Vigilantes assisting the military stand guard with single-shot, home-made muskets in a town that has been largely inaccessible because of insecurity.
“We have hardship,” admitted Buluma Dawa, a 56-year-old bookseller. “There is no light, no water, no road and security-wise it’s not enough for us in Chibok.”
Dawa and others are at a loss to explain why, suggesting the state government has no interest in developing rural areas.
“We hope that on the two years’ anniversary (of the kidnapping), we pray that people will remember Chibok because... nothing is improving at all...
“We have a lot of children living at home without doing anything... They will suffer, there is nothing else.
“If there is no education the poor people cannot even achieve.”
Some of the missing schoolgirls’ parents can be found in Mbalala, a 10-minute drive from Chibok through an area still known for Boko Haram activity. There’s little movement in the market place, only the sound of children playing, the bleating of goats and an imam’s sermon over the loudspeakers of the mosque.

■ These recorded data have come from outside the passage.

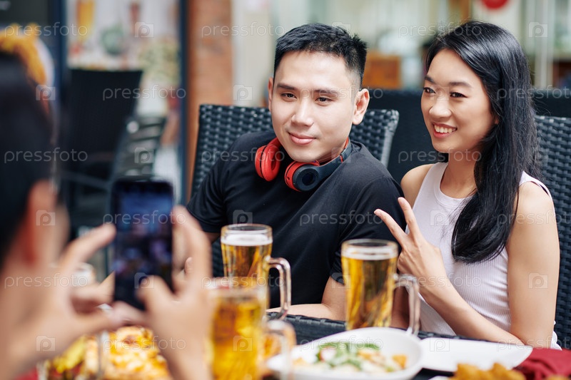 Азиатская пара позирует перед камерой
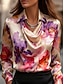 Жен. Рубашка Цветочный принт Элегантный стиль Стиль На каждый день Длинный рукав Вырез-хомут Обычные топы Офис Повседневные Праздники С принтом Драпировка Розовый Весна Осень
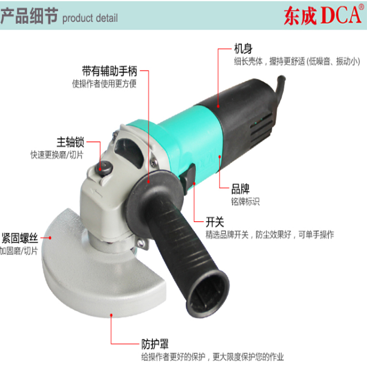 DCA角向磨光機(jī)S1M-FF-230A 金屬防護(hù)罩高強(qiáng)度防護(hù)罩使用更加安全。
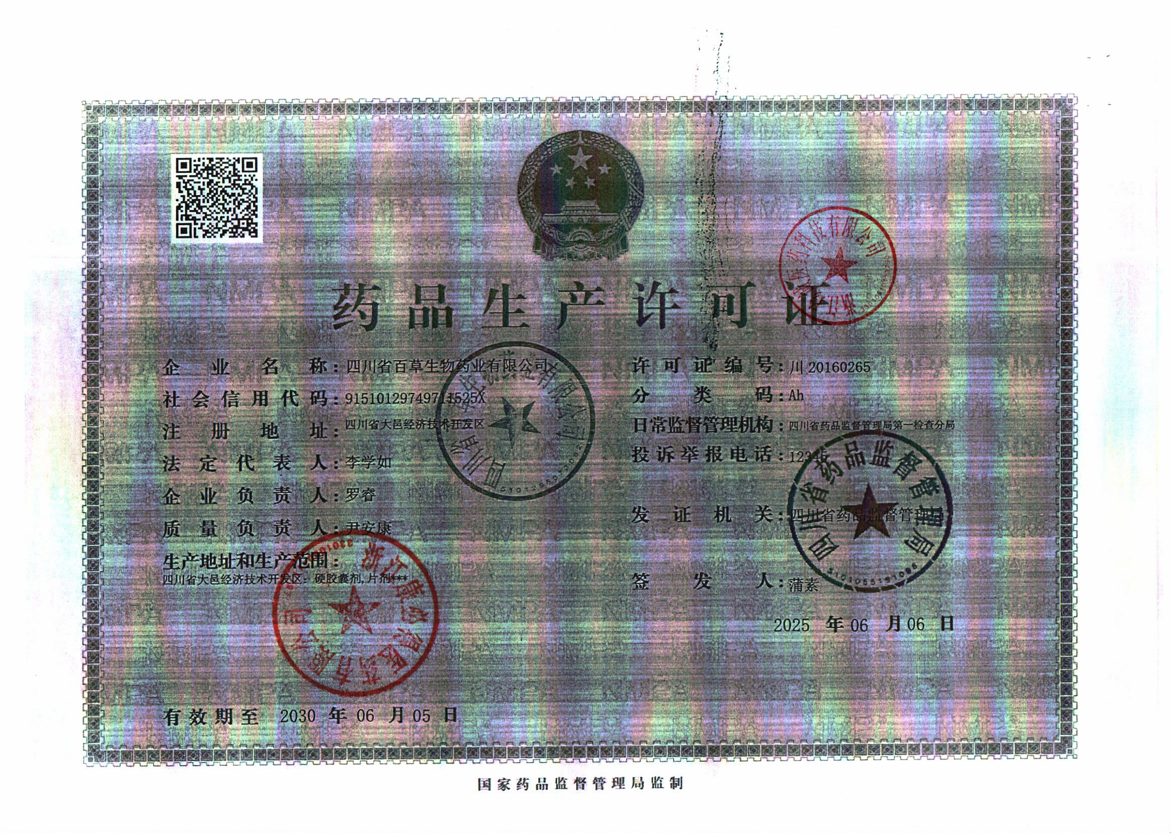 | 1 | 51012370 | 四川省百草生物药业有限公司 | 新药品生产许可证.jpg | Oct 17, 2025 9:48:18 AM | 查看下载 | |
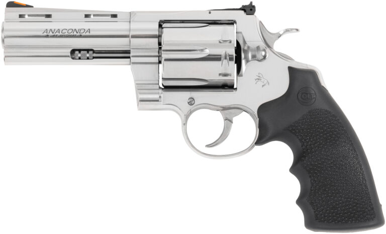 Shooter’s Model are 100% New in the Box products that may have a slight finish imperfection that is not covered by Colt’s one year warranty. The slight imperfection would occur during the manufacturing process and are typically very hard to see except to the well-trained eye or with a magnifier. – Colt’s popular Snake Gun revolver series gains a new addition with the updated Anaconda. The 2021 Anaconda has been fully re-designed to utilize an oversized Python action. Bulked-up with a solid stainless steel frame for strength and durability this DA revolver is worthy of its pedigree. – Experience the Linear Leaf Spring Action for a non-stacking smooth-as-glass trigger pull. With recoil-absorbing Hogue grips and adjustable interchangeable sights this .44 Magnum is cool and comfortable from the range to the woods. – A recessed target crown offers protection and the frame is drilled and tapped for optics mounts making the Anaconda an unstoppable huntsman’s sidearm. – Capacity: 6 Rounds – Frame Material: Stainless Steel – Finish: Semi-Bright – Barrel Technical: 1:20 LH 6 Groove – Barrel Length: 4.25 – Overall Length: 11.25 – Overall Height: 7.25 – Overall Width: 2.75 – Front Sight: Red Ramp – Rear Sight: Target Adjustable – Trigger Action: DA/SA – Grip: Hogue Overmolded – Unloaded Weight: 53 oz

Young girls in blue and white hijabs sit on piles of mud bricks; boys wash a goat tethered to a pole while others fetch water from a well, pouring it into plastic buckets.
Yawale Dunya is among the men sitting mostly silently on benches in the shade of cracked mud-brick houses or cross-legged playing cards.
The 41-year-old farmer has been able to do little else since his 15-year-old daughter Hawa was abducted. His fingers pick distractedly at prayer beads.
Military successes against the insurgents have kept his hopes alive of Hawa’s return and he runs through the scenario repeatedly in his head.